Elles pointent toutes dans la même direction : productivité insuffisante, pas assez de gains d’efficacité, une structure de fonctionnement qui ne la pousse pas à acquérir les produits au plus bas coût possible. 

Bref, il serait possible pour l’État de récolter autant de revenus, sinon plus, tout en offrant de meilleurs prix aux consommateurs.

La SAQ a critiqué les conclusions de ces études, mais dans les faits, elle leur a donné raison. On a assisté, depuis quelques mois, à d’importants changements à la société d’État – réduction importante du personnel administratif, mais surtout, trois réductions de prix sur les produits les plus populaires. Cela montre clairement que quand elle a été sur la sellette, quand elle s’est sentie menacée, quand on s’est mis à la comparer à l’Ontario, la SAQ s’est mise à bouger.

Cela montre assez clairement qu’une situation monopolistique nourrit l’inertie et que les pressions ont un effet. Mais comment maintenir cette pression ?

La privatisation ne sera pas une solution. Parce que si on vend la SAQ en bloc, on créerait un monopole privé, ce qui ne serait pas mieux, et que si on démantèle la SAQ pour vendre les succursales, on les prive de leur principal attrait, leur avantage monopolistique. Ce ne serait pas une bonne idée de faire table rase.

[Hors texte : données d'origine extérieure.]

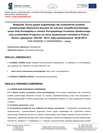 Adres strony internetowej, na której Zamawiający udostępnia Specyfikację Istotnych Warunków Zamówienia: www. mopr.bialystok.pl Białystok: Kursy języka angielskiego dla uczestników projektu systemowego Aktywność kluczem do sukcesu współfinansowanego przez Unię Europejską w ramach Europejskiego Funduszu Społecznego oraz uczestników Programu na rzecz społeczności romskiej w Polsce. Numer ogłoszenia: 245150 - 2013; data zamieszczenia: 26.06.2013 OGŁOSZENIE O ZAMÓWIENIU - usługi Zamieszczanie ogłoszenia: obowiązkowe. Ogłoszenie dotyczy: zamówienia publicznego. SEKCJA I: ZAMAWIAJĄCY I. 1) NAZWA I ADRES: Miejski Ośrodek Pomocy Rodzinie w Białymstoku , ul. Malmeda 8, 15-440 Białystok, woj. podlaskie, tel. 0-85 678 31 03, faks 0-85 678 31 00. Adres strony internetowej zamawiającego: http:// www. mopr.bialystok.pl I. 2) RODZAJ ZAMAWIAJĄCEGO: Administracja samorządowa. SEKCJA II: PRZEDMIOT ZAMÓWIENIA II.1) OKREŚLENIE PRZEDMIOTU ZAMÓWIENIA II.1.1) Nazwa nadana zamówieniu przez zamawiającego: Kursy języka angielskiego dla uczestników projektu systemowego Aktywność kluczem do sukcesu współfinansowanego przez Unię Europejską w ramach Europejskiego Funduszu Społecznego oraz uczestników Programu na rzecz społeczności romskiej w Polsce.. II.1.2) Rodzaj zamówienia: usługi. II.1.4) Określenie przedmiotu oraz wielkości lub zakresu zamówienia: 1. Przedmiotem zamówienia jest zorganizowanie i przeprowadzenie grupowych kursów języka angielskiego dla uczestników projektu systemowego Aktywność kluczem do sukcesu realizowanego przez Miejski Ośrodek Pomocy Rodzinie w Białymstoku, współfinansowanego przez Unię Europejską w ramach Europejskiego Funduszu Społecznego, Priorytet VII, Działanie 7.1, Poddziałanie 7.1.1 Rozwój i upowszechnianie aktywnej integracji przez ośrodki pomocy społecznej na lata 2007 - 2013, oraz uczestników Programu na rzecz społeczności romskiej w Polsce, podzielony na dwie części (pakiety): PAKIET NR 1: Kurs język angielskiego dla 45 osób bezrobotnych, w tym długotrwale bezrobotnych i nieaktywnych zawodowo- uczestników projektu systemowego Aktywność kluczem do sukcesu, PAKIET NR 2: Kurs języka angielskiego dla 3 osób uczestników Programu na rzecz społeczności romskiej w Polsce. 2. ZAŁOŻENIA WSPÓLNE: 1) Kurs powinien być prowadzony przez wykładowców posiadających odpowiednie kwalifikacje i doświadczenie w prowadzeniu zajęć objętych przedmiotem zamówienia, 2) W ramach realizacji przedmiotu zamówienia Wykonawca zobowiązany będzie do: a) organizacji kursu tzn. zapewnienia bezpiecznych i higienicznych warunków nauki, w tym zapewnienia sal szkoleniowych, przestronnych, odpowiednio oświetlonych, klimatyzowanych lub minimum wentylowanych, dostosowanych do liczebności grup uczestników kursu, odpowiednio wyposażonych w sprzęt dydaktyczny, np. rzutnik multimedialny, laptop, ekran, tablicę do pisania, flipcharty, stoły, krzesła, spełniających wymogi bezpieczeństwa bhp i przeciwpożarowe, z zapleczem socjalnym i sanitarnym, b) zapewnienia materiałów szkoleniowych odpowiadających programowi kursu, c) zapewnienia nadzoru nad organizacją kursu i realizacją programu merytorycznego, celem podniesienia jakości organizowanego kursu językowego, d) opracowania szczegółowego programu zajęć kursu , uwzględniającego założenia pkt. 3 i 5 specyfikacji i dostarczenie Zamawiającemu wraz ze złożoną ofertą, e) ustalenia, po konsultacjach z Zamawiającym, harmonogramu zajęć, uwzględniającego m.in. dzienny limit godzin szkolenia, tematy zajęć, miejsce odbywania zajęć, dane personalne wykładowcy i przekazania go Zamawiającemu przed rozpoczęciem zajęć. Wykonawca przed rozpoczęciem kursu zapozna uczestników z jego szczegółowym zakresem tematycznym i przekaże im harmonogram realizowanych zajęć. 3. Dodatkowe warunki dotyczące przedmiotu zamówienia: a) termin płatności: do 21 dni od daty otrzymania przez Zamawiającego faktury, b) nie przewiduje się wypłacania zaliczek na poczet wykonania zamówienia, c) forma i warunki zapłaty - jak we wzorze umowy - załącznik nr 7 a- b do specyfikacji istotnych warunków zamówienia.. II.1.5) przewiduje się udzielenie zamówień uzupełniających: Określenie przedmiotu oraz wielkości lub zakresu zamówień uzupełniających 6.1. Zamawiający przewiduje możliwość udzielania zamówień uzupełniających, o których mowa w art. 67 ust. 1 pkt 6 ustawy w odniesieniu do Pakiet Nr 1. 6.2. Zamówienia uzupełniające mogą polegać na powtórzeniu tego samego rodzaju zamówienia lub jego części, zgodnego z przedmiotem zamówienia podstawowego, o wartości do 10% zamówienia podstawowego w okresie 3 lat od udzielenia zamówienia podstawowego (od dnia podpisania umowy). II.1.6) Wspólny Słownik Zamówień (CPV): 80.58.00.00-3. II.1.7) Czy dopuszcza się złożenie oferty częściowej: tak, liczba części: 2. II.1.8) Czy dopuszcza się złożenie oferty wariantowej: nie. SEKCJA III: INFORMACJE O CHARAKTERZE PRAWNYM, EKONOMICZNYM, FINANSOWYM I TECHNICZNYM III.1) WADIUM Informacja na temat wadium: Zamawiający nie wymaga złożenia wadium. III.2) ZALICZKI III.3) WARUNKI UDZIAŁU W POSTĘPOWANIU ORAZ OPIS SPOSOBU DOKONYWANIA OCENY SPEŁNIANIA TYCH WARUNKÓW III. 3.1) Uprawnienia do wykonywania określonej działalności lub czynności, jeżeli przepisy prawa nakładają obowiązek ich posiadania Opis sposobu dokonywania oceny spełniania tego warunku o Zamawiający odstępuje od opisu sposobu dokonywania oceny spełniania warunku w tym zakresie. Zamawiający dokona oceny spełnienia warunku na podstawie oświadczenia o spełnianiu warunków udziału w postępowaniu, o którym mowa w pkt 9.1. lit. a SIWZ. III.3.2) Wiedza i doświadczenie Opis sposobu dokonywania oceny spełniania tego warunku o Warunek ten zostanie spełniony, jeżeli Wykonawca wykaże, że w ciągu ostatnich 3 lat przed upływem terminu składania ofert, a jeżeli okres pro

Mieux vaut une approche plus pragmatique, plus gradualiste, par exemple en permettant le développement de commerces privés, plus personnalisés, plus spécialisés. Ce serait encore mieux si on libérait ces commerces du monopole que la SAQ exerce aussi sur l’importation. On ne détruirait rien, on servirait mieux le consommateur avec une offre plus diversifiée et on imposerait à la société d’État une concurrence dont elle aurait bien besoin.